I think that’s half the point. For all the good work done by RAWA and for all they mean well, that vote isn’t terribly pertinent because of the minuscule pool of voters when compared to the vast numbers of Sunderland fans. For every fan that attends a Sunderland match there is at least one more than watches from afar.

Were all of the possibilities presented to those voters? How many fans are even aware of the concept, what it entails and what it can provide?

It stands to reason then that a conservative estimate of our regular fan-base would be somewhere around 60-70k, and I truly do believe I’m being very conservative there. What do they want? That’s the real question.

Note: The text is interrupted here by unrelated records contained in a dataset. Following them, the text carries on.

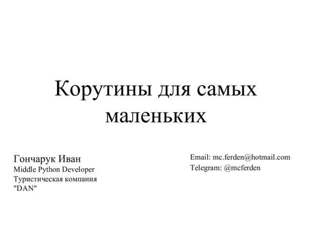 Доклад будет посвящен механизму работы корутин в ЯП Python: какое отношение к ним имеют генераторы, как генераторы превратить в корутины и как реализовать простейший event-loop для асинхронного выполнения корутин.
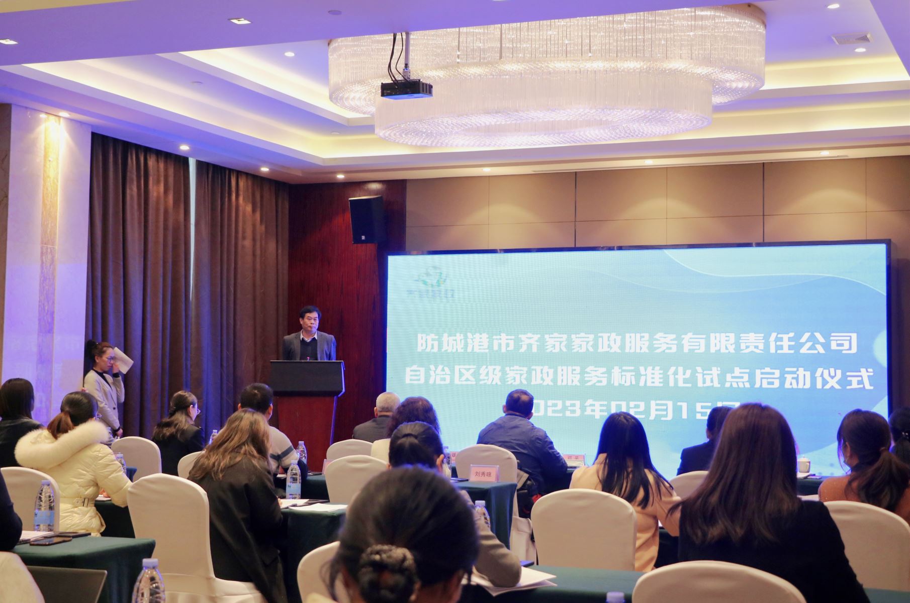 2023年2月15日,防城港市齊家家政服務(wù)有限責(zé)任公司自治區(qū)級(jí)家政服務(wù)標(biāo)準(zhǔn)化試點(diǎn)啟動(dòng)儀式在防城港榮興格朗大酒店會(huì)議室召開。防城港市市場(chǎng)監(jiān)督管理局副局長戴大雄、標(biāo)準(zhǔn)化科科長李燕,防城港市人力資源與社會(huì)保障局人力資源開發(fā)科科長、市職業(yè)技能鑒定中心主任劉永靖,防城港市齊家家政服務(wù)有限責(zé)任公司總經(jīng)理鄭小潔、副總經(jīng)理宋英瑞出席會(huì)議。會(huì)議由防城港市齊家家政服務(wù)有限責(zé)任公司莫燕妮經(jīng)理主持。
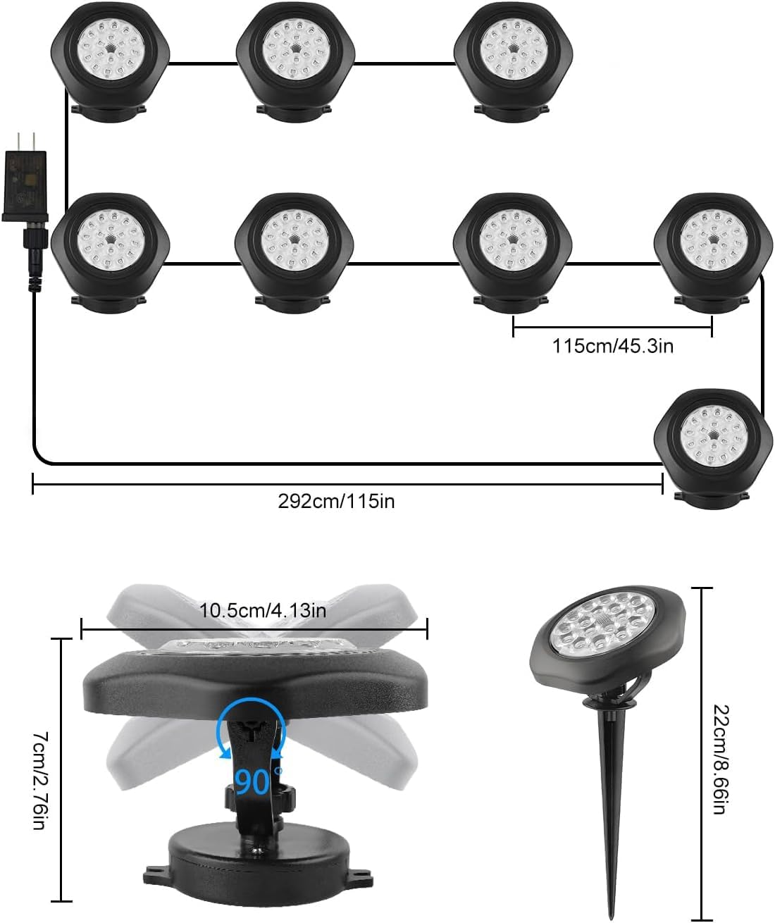 - Easy To Use & 2 In 1 Installation: LED underwater submersible light head can be adjusted 90°. There are 18 LED beads in one light, the super bright upgraded version is designed with a convex lens for brighter light. The distance from the plug to the first light is 9.8ft/3m, the distance between two lights is 3.2ft/1m. more flexible and convenient to use. Comes with matching accessories, the base can be fixed in the water as an underwater light, or can be installed on the ground or wall as a landscape light, both ways, suitable for pools, ponds, gardens, paths roads and other decorative lighting.
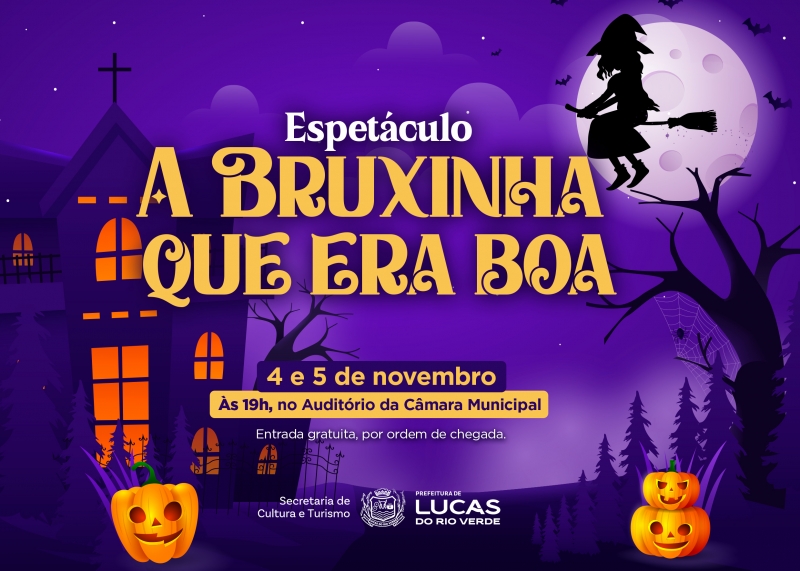 “Era uma vez, lá no fundo da floresta, na Escola de Aprendizado de Bruxarias”… “A Bruxinha que Era Boa”, uma adaptação do clássico infantil de Maria Clara Machado, promete encantar o público luverdense na próxima semana. Em duas apresentações, nos dias 4 e 5 de novembro, às 19h, no auditório da Câmara de Vereadores, o espetáculo conta a história da bruxinha Ângela, que é presa na Torre de Piche por não gostar de fazer maldades.
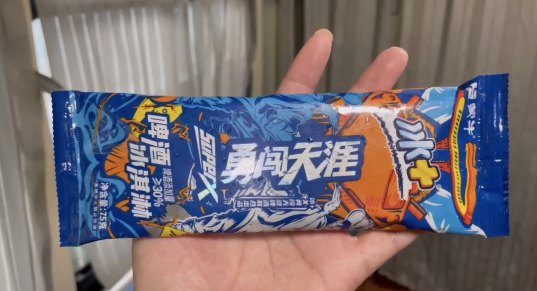 一款名为“勇闯天涯”的啤酒冰淇淋 火爆网络! 因该款冰淇淋含有 酒精度≥3.8% 啤酒添加量≥30%的特性 吸引了不少网友 买来尝鲜!
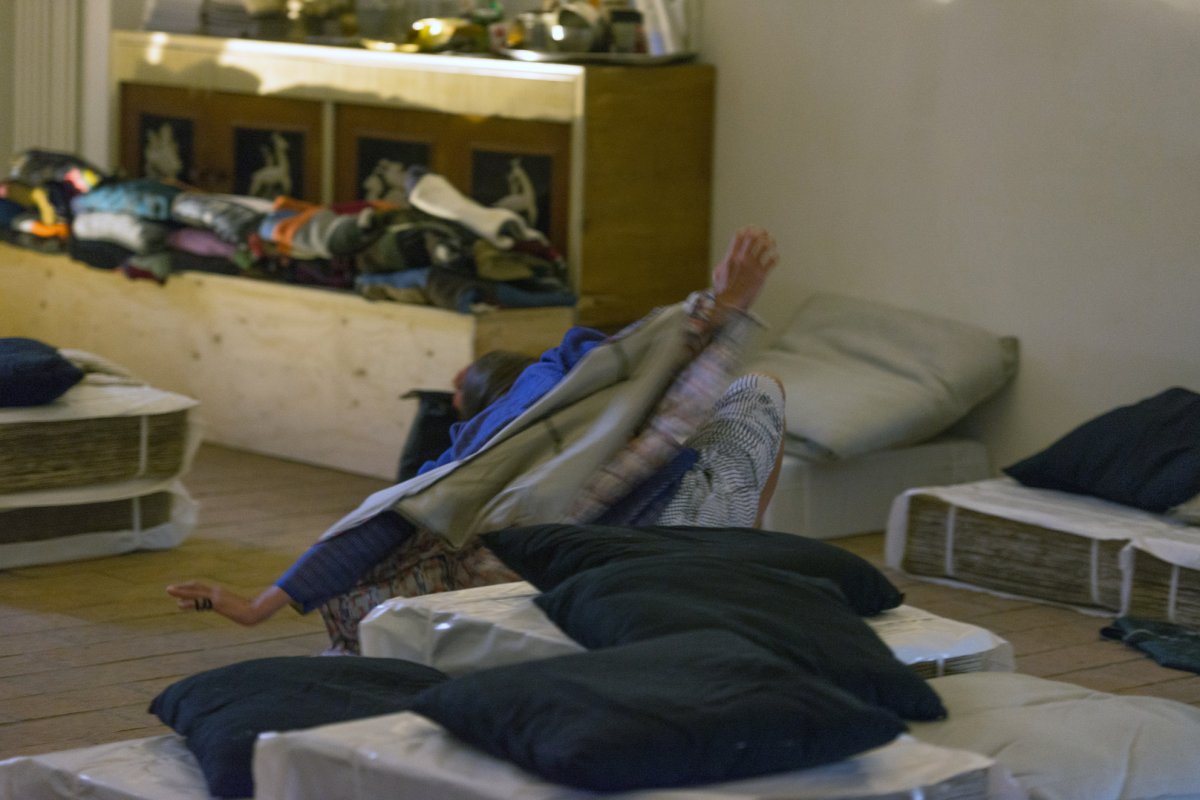 Musica per un giorno (Anno 2°) is a 24 hours performance that, in the artists' intentions, will be repeated once a year for 24 consecutive years. The performance at Raum marks the Year 2. This existential arithmetic arises from the encounter between Canedicoda and Roberta Mosca, and puts in motion a reflection that starts from Musica per un giorno registrata in un mese, a record of improvisation and field recordings 24 hours long realized by Canedicoda under the alias Ottaven in 2012, and produced by the label Second Sleep in digital format and as a box of 24 tapes. Musica per un giorno (Anno 2°) is neither a concert nor a dance performance; is rather an explorative opportunity to discover a range of perceptions, states, limitations and emotions, generated by the uninterrupted sharing of a place for the duration of one day. Movement, sound, space and ideas are understood as one, in the perspective of inviting the audience to experience an immersive, subtle, and relaxed experience. Musica per un giorno is also a limited-edition fanzine that is reprinted every year and enriched with new content on the project.
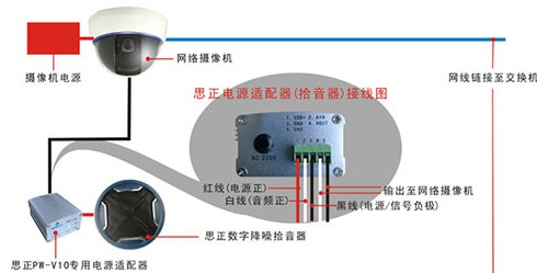 传统的音视频监控传输无非是采用同轴线缆,远距离传输使用屏蔽线缆或者光端机。而前端使用网络摄像机的可以将拾音器接入网络摄像机转成数字信号通过网线接入交换机利用网络传输至后端。使用网络摄像机时必须注意,网络摄像机必须带有音频输入(linein输入)。市面上有不少网络摄像机是带micin输入的,拾音器严禁接入micin。
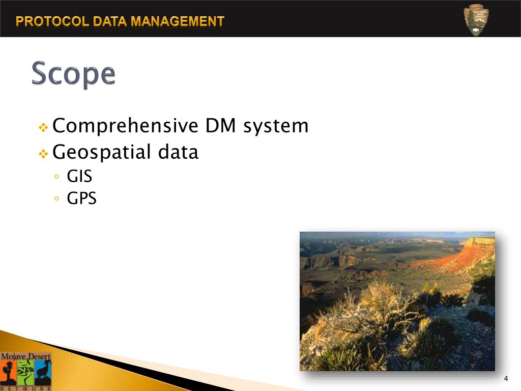 Scope • Comprehensive DM system • Geospatial data • GIS • GPS
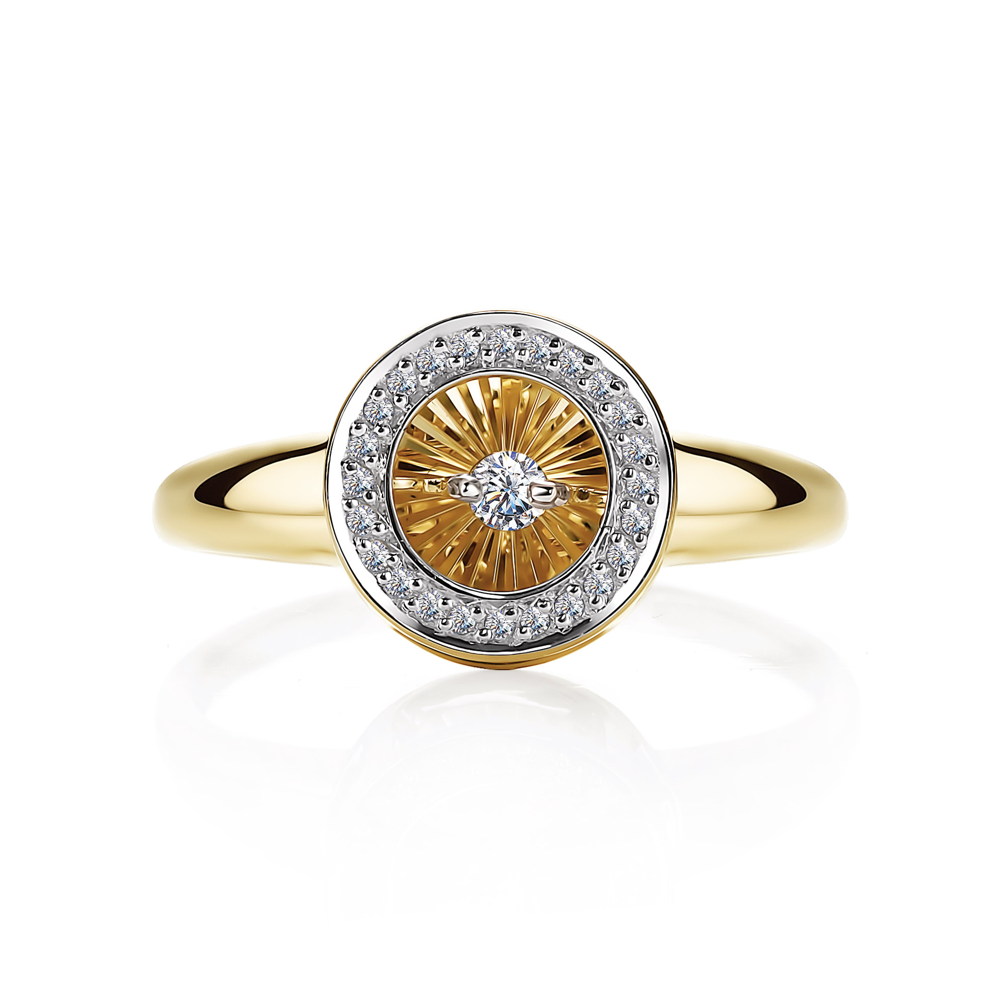 Кольцо с танцующими бриллиантами из желтого золота 585 пробы

Of course, the difficulty arises in convincing the owners that this is a good idea. After all, they’ve spent vast amounts of their own money to secure their shares in a promising business interest, and so why would they happily hand over even a small degree of control to “us”? They simply don’t have to.

But this isn’t a conversation about what we can be given, it’s a conversation about what we can make for ourselves. Attaining anything of true value is only achieved by fighting for it.

Sunderland v Chelsea - Premier League Photo by Tony Marshall/Getty Images

If a supporters group were to sit down with Martin Bain and Ellis Short two years ago they would have been entering a hostile environment, there is no denying that. If the same group sat down with Stewart Donald and Charlie Methven, I like to think they could be assured that the owners would seriously consider the effectiveness and viability of such a move without instantly dismissing it.

In the end all we can do is have the discussion, but for how long will we have that opportunity? What guarantees are there going forward that the conversation could even take place a year from now?

If your memory stretches back farther than one year I’m sure you’ll agree that there are none. When ownership changes hands anything can happen, and we won’t necessarily have the freedom of expression and confidence in the willingness to listen that Stewart Donald and co. have so recently given us.

Will it work? I don’t know. A lot of planning and organisation would need to go in to such an epic endeavour, and no doubt there would be obstacles in all aspects that would need to be surmounted.

Again though, that isn’t the point when we have the opportunity to try to better our lot and immerse ourselves in the world of Sunderland AFC in a way previously unknown to any Lads fan that has come before us.

We can try to do what hasn’t been done; we can try to create something. That’s all any of us can hope to do but in the end, win or lose, it’s worth a try.

In my opinion this is something we need to strongly consider before the landscape changes and the opportunity is lost forever. What do you think?